[Opening Material provided section]

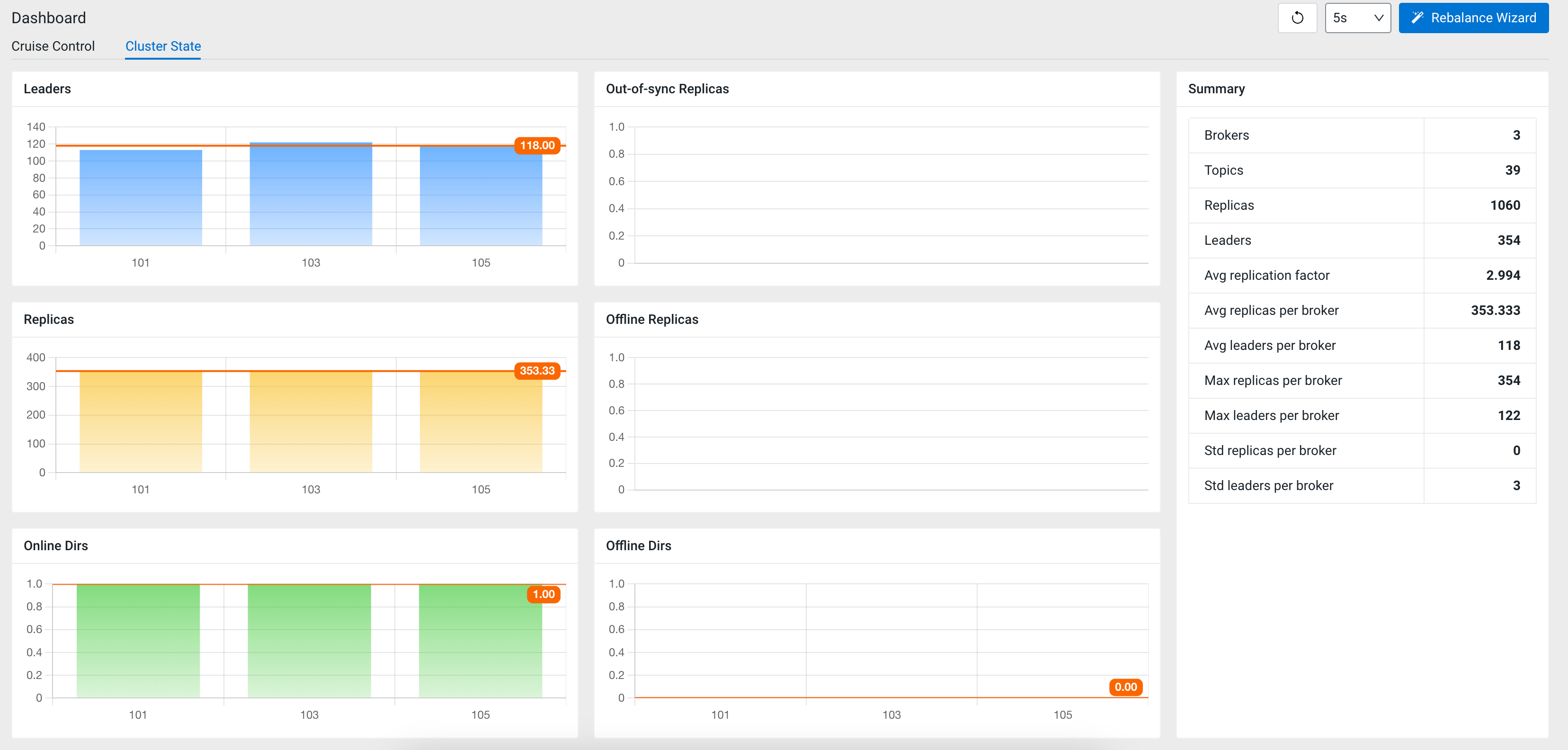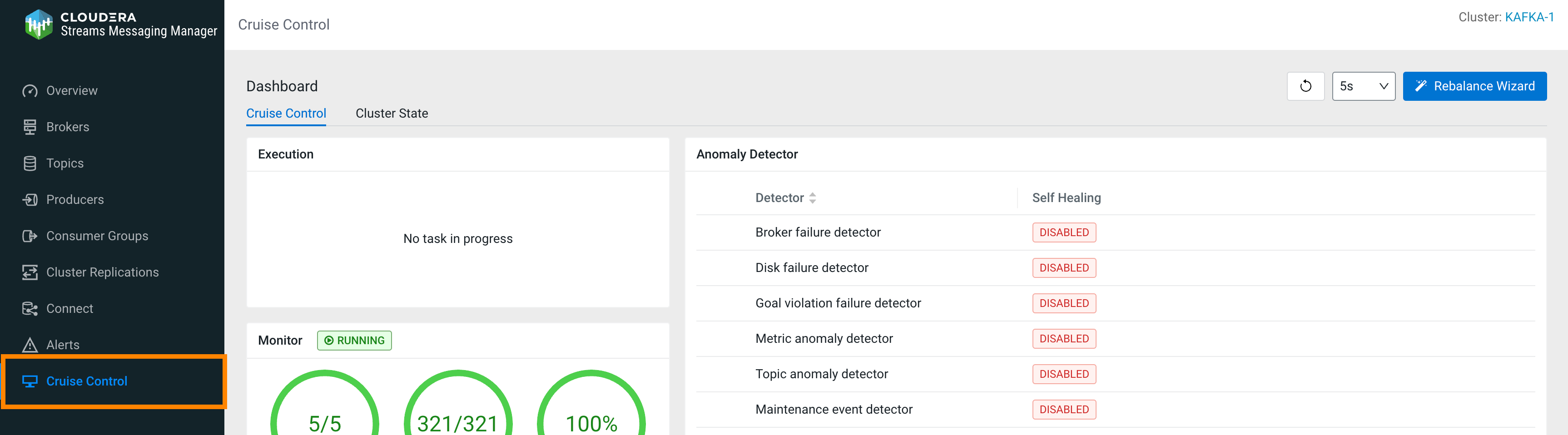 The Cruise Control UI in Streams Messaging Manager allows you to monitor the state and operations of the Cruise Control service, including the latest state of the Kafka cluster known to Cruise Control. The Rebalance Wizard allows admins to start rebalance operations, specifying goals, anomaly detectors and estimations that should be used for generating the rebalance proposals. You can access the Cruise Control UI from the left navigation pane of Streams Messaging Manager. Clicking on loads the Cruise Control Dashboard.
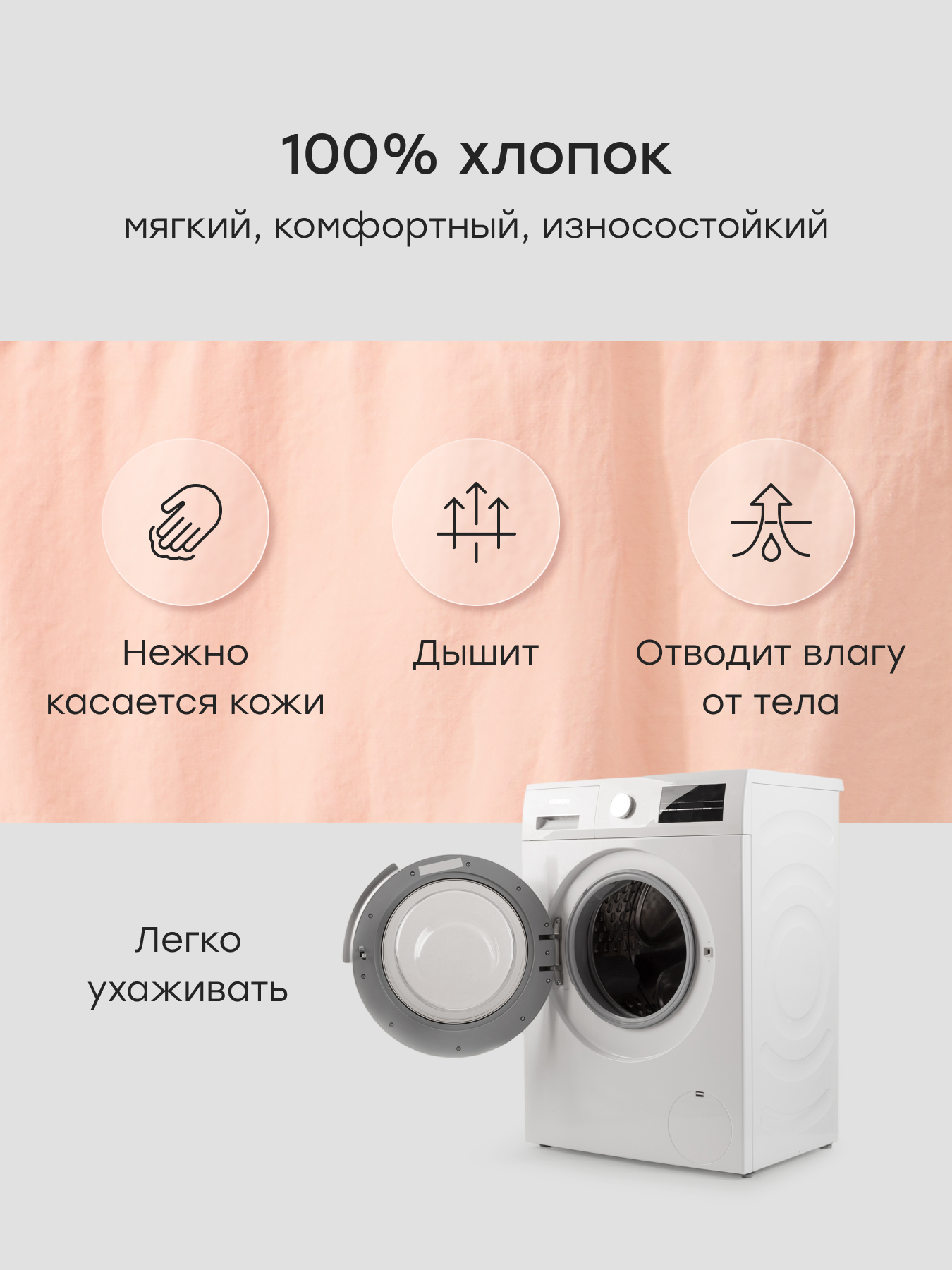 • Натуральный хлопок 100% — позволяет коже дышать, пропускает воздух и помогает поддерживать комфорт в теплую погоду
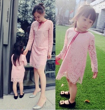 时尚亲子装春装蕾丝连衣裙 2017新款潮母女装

[Closing Material provided section]
[Opening Material provided section]

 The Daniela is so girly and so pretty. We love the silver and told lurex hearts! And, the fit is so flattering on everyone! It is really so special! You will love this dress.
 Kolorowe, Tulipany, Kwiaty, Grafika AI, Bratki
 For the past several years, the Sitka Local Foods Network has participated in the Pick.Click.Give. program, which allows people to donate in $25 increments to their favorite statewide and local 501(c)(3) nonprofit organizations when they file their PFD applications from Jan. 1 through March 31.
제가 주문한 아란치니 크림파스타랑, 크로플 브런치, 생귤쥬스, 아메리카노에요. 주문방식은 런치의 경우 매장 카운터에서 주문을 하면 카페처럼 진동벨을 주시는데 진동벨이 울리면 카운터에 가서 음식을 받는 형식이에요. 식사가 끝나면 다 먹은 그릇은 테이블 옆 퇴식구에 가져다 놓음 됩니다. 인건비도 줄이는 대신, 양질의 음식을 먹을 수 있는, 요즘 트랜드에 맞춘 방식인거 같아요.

[Closing Material provided section]
[Opening Material provided section]

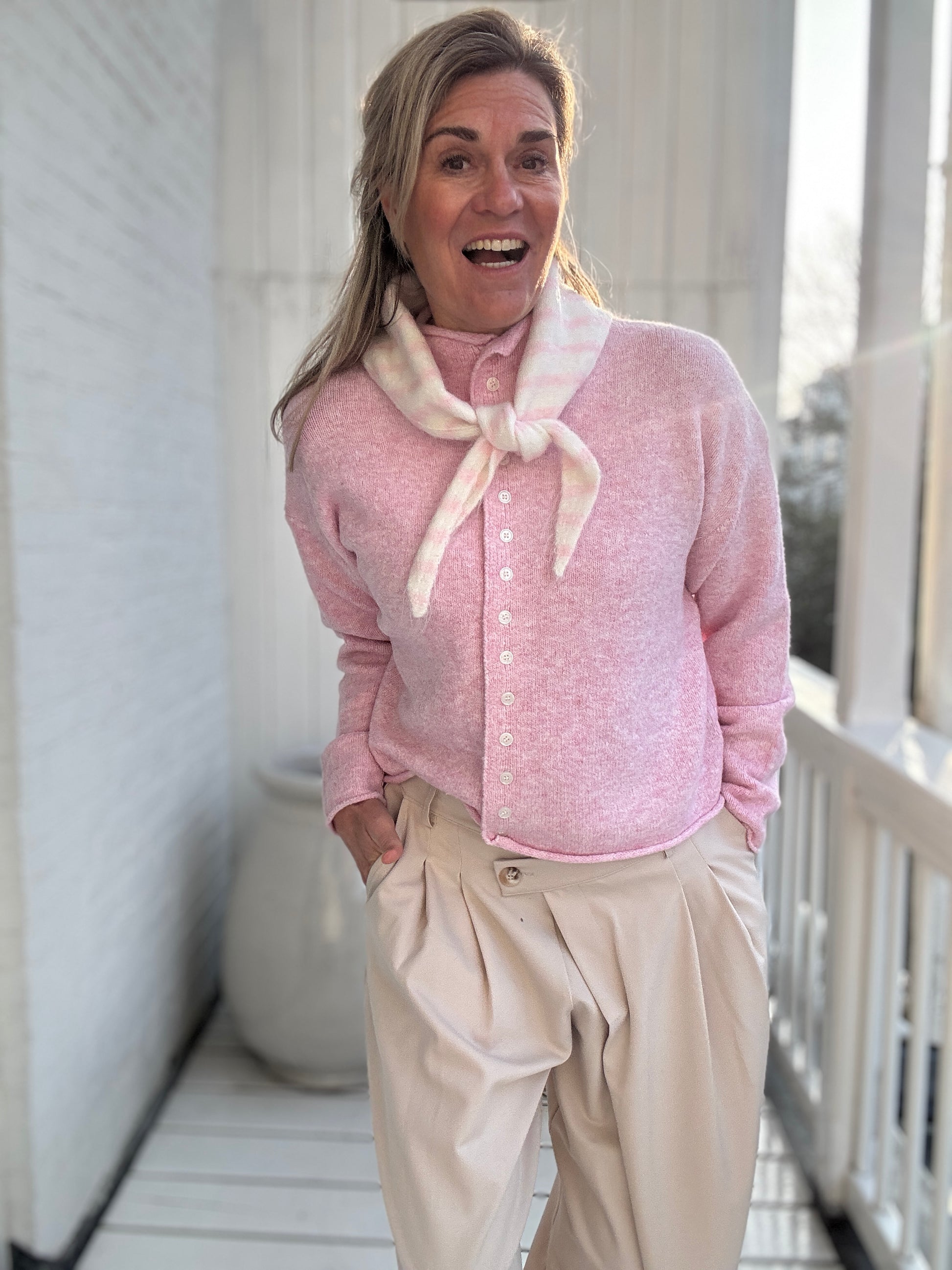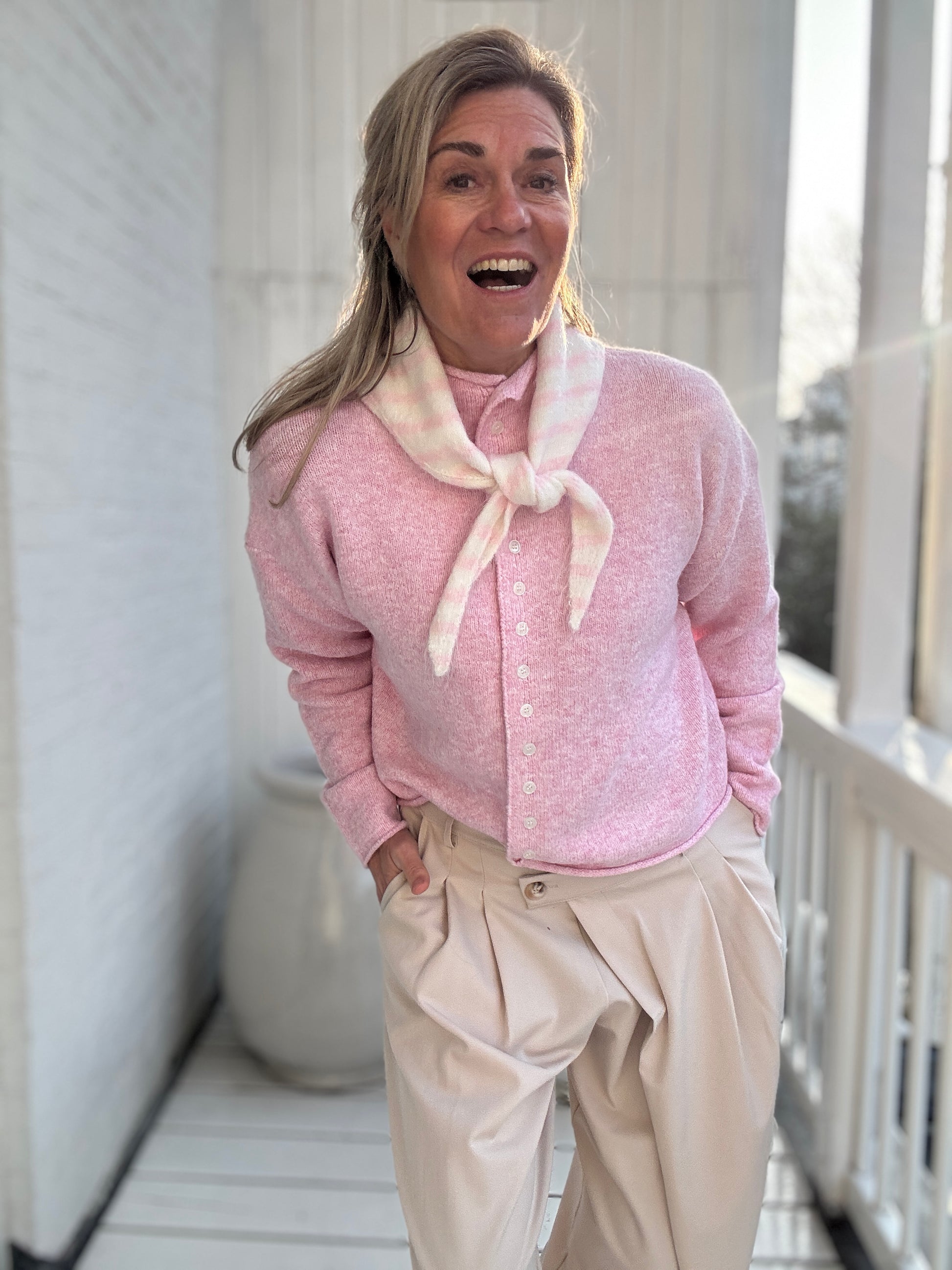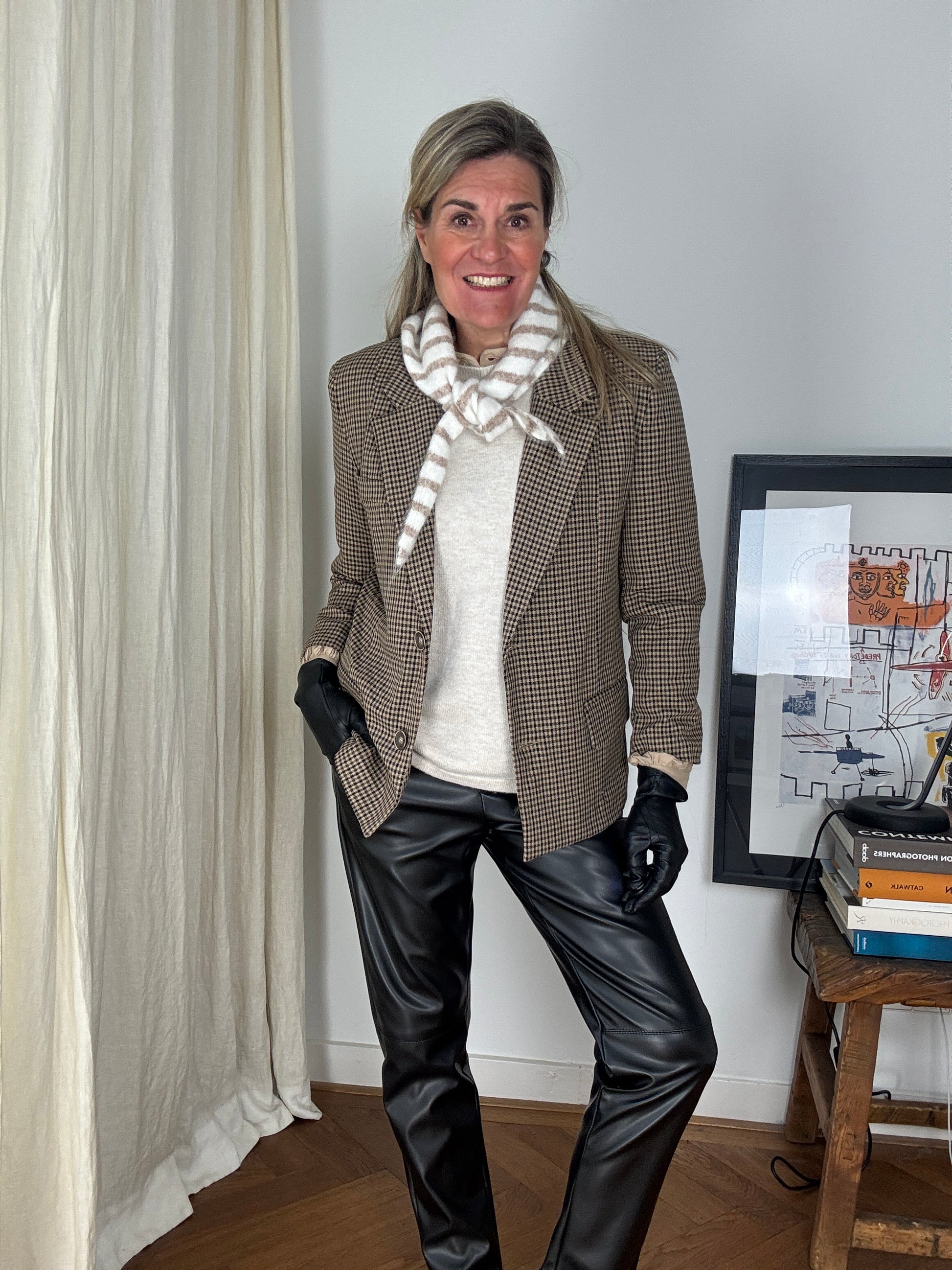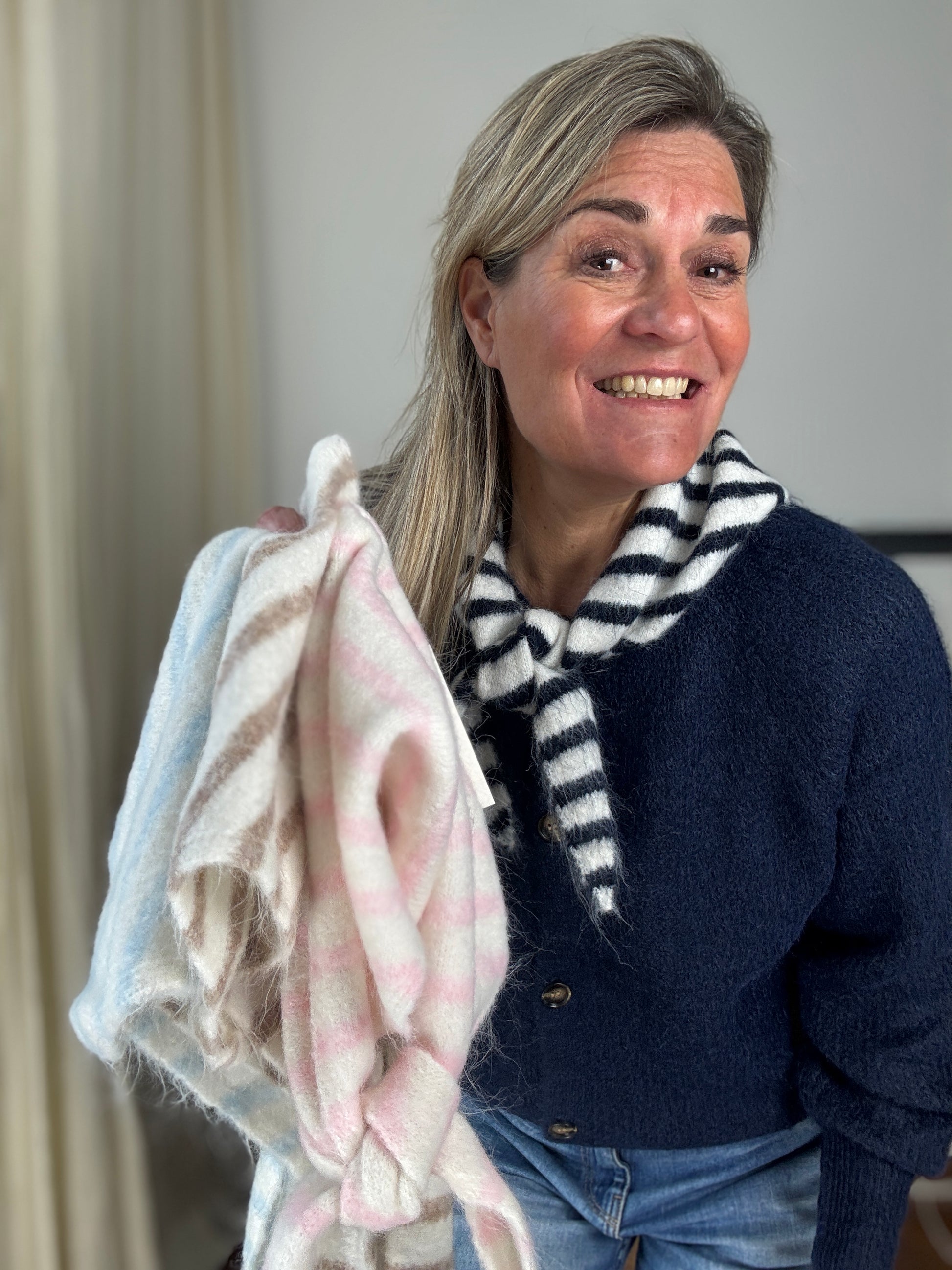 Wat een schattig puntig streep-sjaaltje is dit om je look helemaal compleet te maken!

[Closing Material provided section]

Activity
Give back exactly the lines above, from the line containing "Kolorowe, Tulipany, Kwiaty, Grafika" through the line containing "제가 주문한 아란치니", with both end lines and nothing more.

Reply to the exercise
 Kolorowe, Tulipany, Kwiaty, Grafika AI, Bratki
 For the past several years, the Sitka Local Foods Network has participated in the Pick.Click.Give. program, which allows people to donate in $25 increments to their favorite statewide and local 501(c)(3) nonprofit organizations when they file their PFD applications from Jan. 1 through March 31.
제가 주문한 아란치니 크림파스타랑, 크로플 브런치, 생귤쥬스, 아메리카노에요. 주문방식은 런치의 경우 매장 카운터에서 주문을 하면 카페처럼 진동벨을 주시는데 진동벨이 울리면 카운터에 가서 음식을 받는 형식이에요. 식사가 끝나면 다 먹은 그릇은 테이블 옆 퇴식구에 가져다 놓음 됩니다. 인건비도 줄이는 대신, 양질의 음식을 먹을 수 있는, 요즘 트랜드에 맞춘 방식인거 같아요.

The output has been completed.